This I Believe
It all started, as most good things in my life do, with music. When Against Me! began screaming their folk punk anthem “Walking is Still Honest” into my headphones last winter, I began to contemplate what made this song so enjoyable. The brazen chorus, “can anybody tell me why God won’t speak to me?” certainly seemed contrary to my faith, but before I could begin arguing with myself, I got stuck on the first phrase that came into my mind in the song’s defense: “I was really into these guys in high school.” Was. i> With that one inadvertent thought, the last four years of my life seemed to become something irrecoverable, a memory of my former selves.
But the more I rolled this idea around in my head, the more optimistic I became. Sure, my present was far too quickly becoming my past, but I had no intention of trying to relive those memories because “Alex masters time travel” ranks just below “Alex garners a rudimentary understanding of sports” on my personal list of impossibilities. Suddenly, I truly understood what I had been saying for years, that we only get X number of years on earth and we have to do more than lay down and let them run us over.
I believe that we get life as our very first birthday present from God. I believe we get youth now so that we can have a heart and a mind full of scrapbooks and home movies when we have old age later. I believe we get life so that we can see beauty, feel overwhelming joy and pain, laugh at countless inside jokes, make a thousand mistakes, dance to our favorite songs, spend way too much time playing Nintendo 64, fall in love, fall out of love, fall back in love again and suffer deserts of confusion about the meaning of life and everything in it so that we can appreciate one tiny oasis of understanding from time to time.
I believe we get life so that we have something to talk about when we go to heaven. It was this realization that saved me from spiraling into pessimism in the following year, when my family moved out of my hometown. When I lost my grandfather just before Christmas, and when I held my grandmother’s hand as I saw her cry for the first time. When my attempts to reason out a meaning for my existence coupled with acute loneliness and led me to believe that my life would inevitably end in trite obscurity. When I gave up on myself again and again as I blindly stumbled through the changes and challenges that life faced me with. Through all of this, I never stopped believing that God had something waiting for me after my life ended, something that would make all these mysteries and trials make sense.

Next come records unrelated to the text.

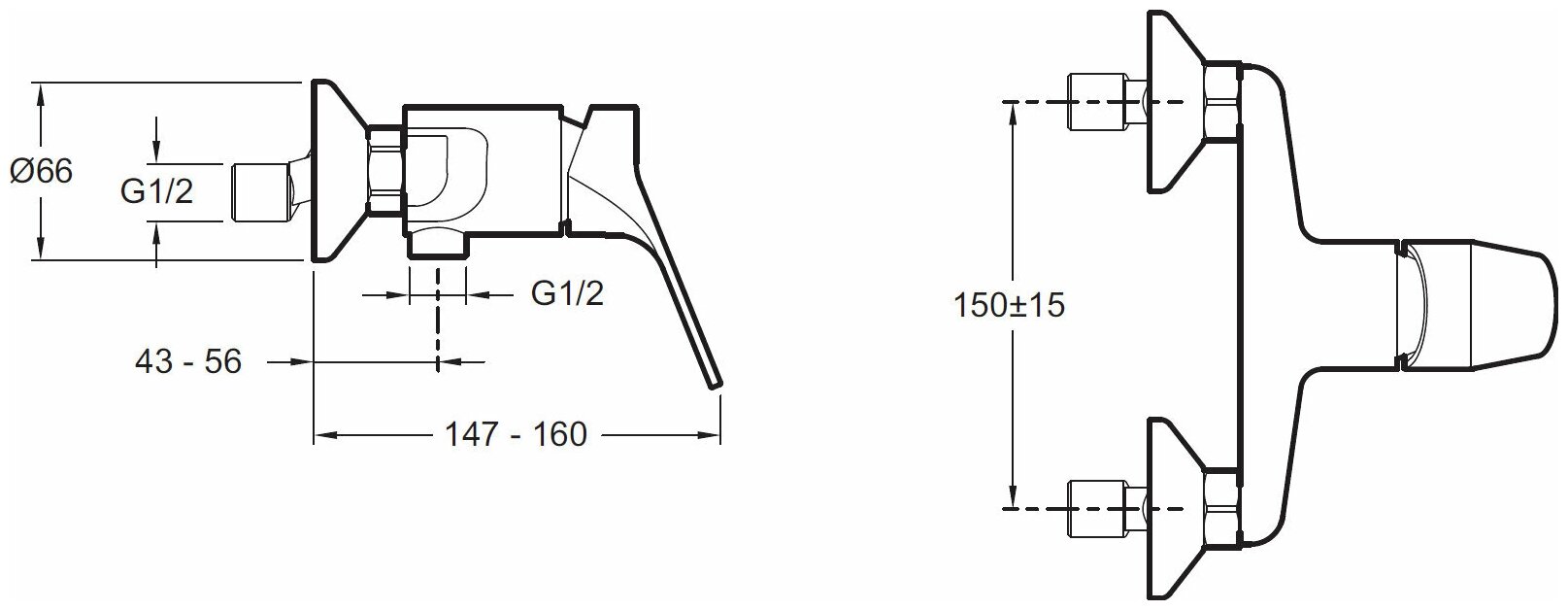 Смеситель Jacob Delafon BRIVE для душа, однорычажный, настенный, выход под шланг 1/2" E75765-CP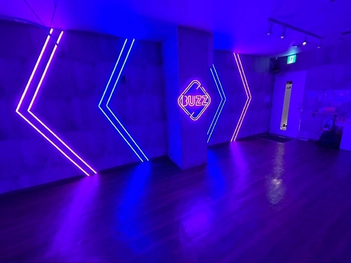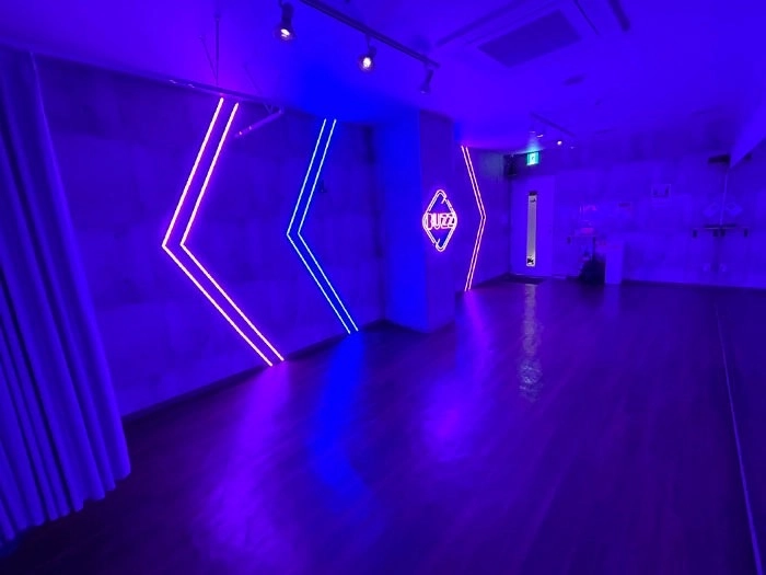 コンクリート調の壁に映えるLED背景は"踊ってみた"動画の配信などに最適!
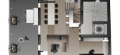 ...ion between the dining room and the living room. The visual junction was established through the dining room table and the flooring helps to delimit the spaces.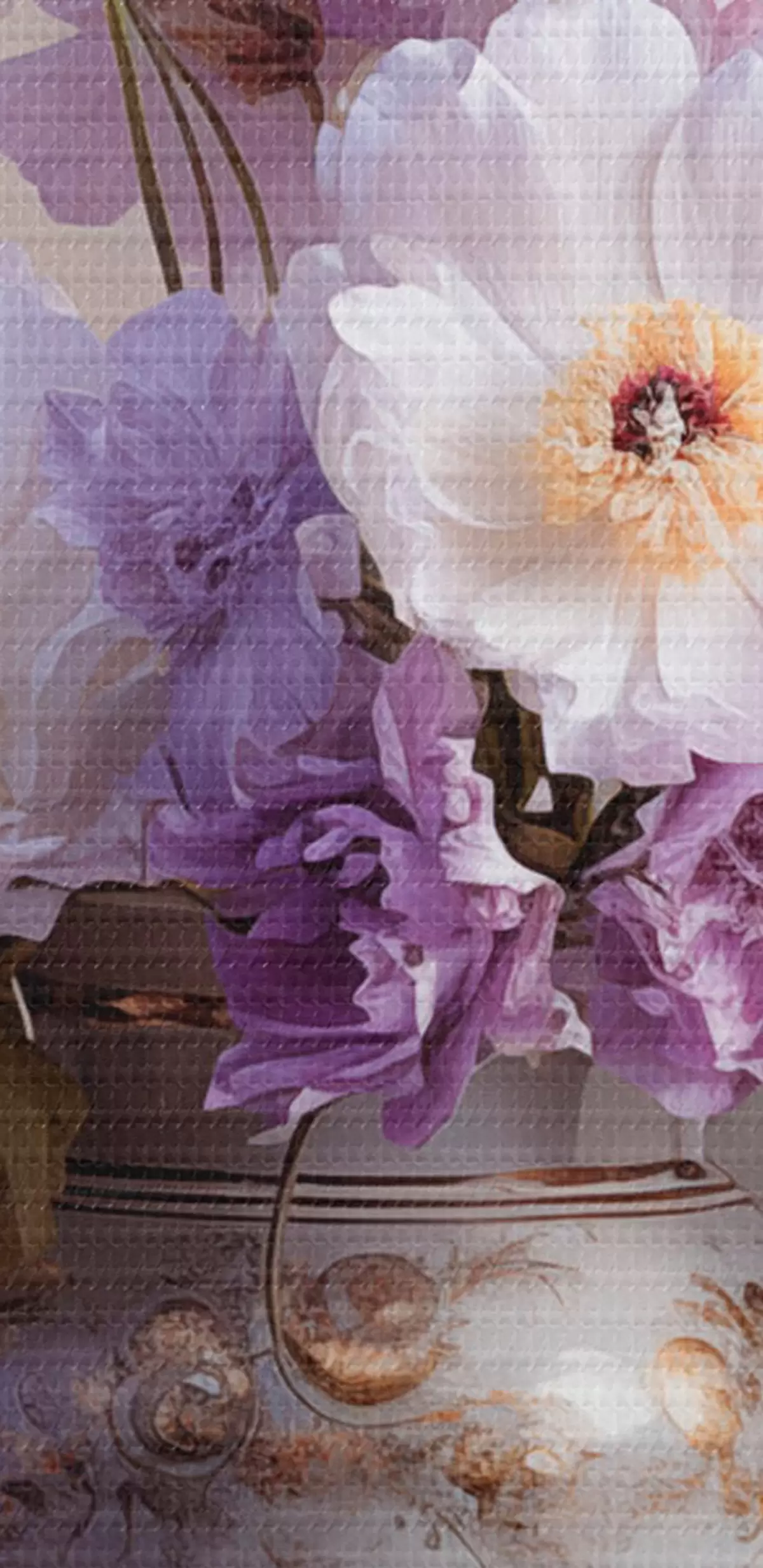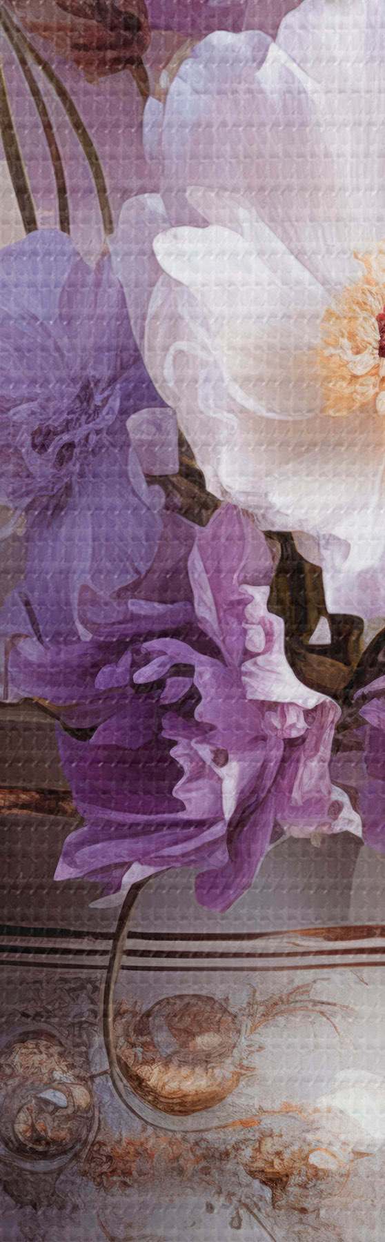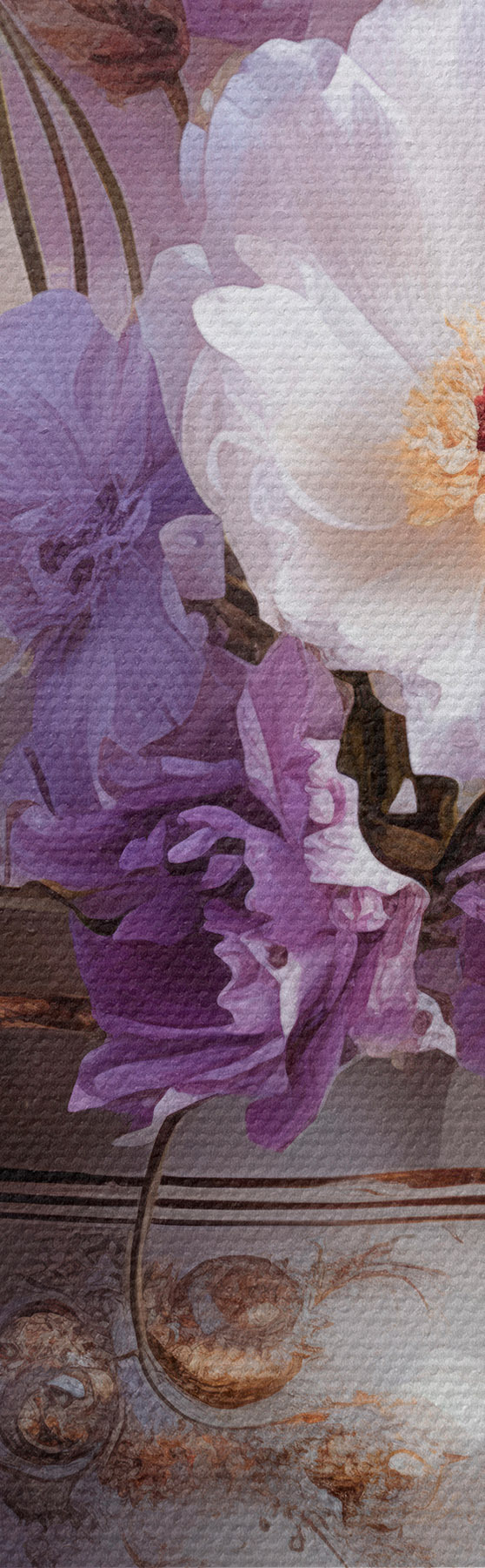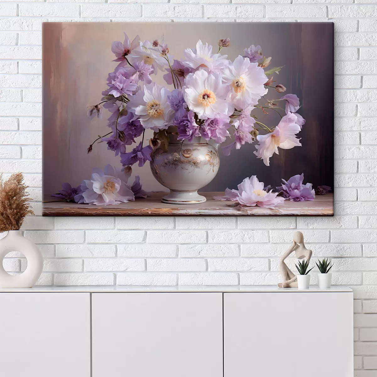 Paveikslas Gėlių natiurmortas: baltos ir violetinės gėlės meniniu stiliumi Nr s45058

The memory of my brief contribution to human history, no matter how significant, might one day be forgotten. But that doesn’t mean that it’s not worth living, that it’s not beautiful, that it’s not exactly what God wants for me. In this past year I realized that I no longer need my life to “make sense.” I am no longer obsessed with finding permanence, with getting to wherever I’m ultimately going to end up. I know that for all of the fleeting comfort that planning can bring me, life is meant to be lived, not calculated. Every moment need not be a step toward a goal, but a gift to be savored. This I believe.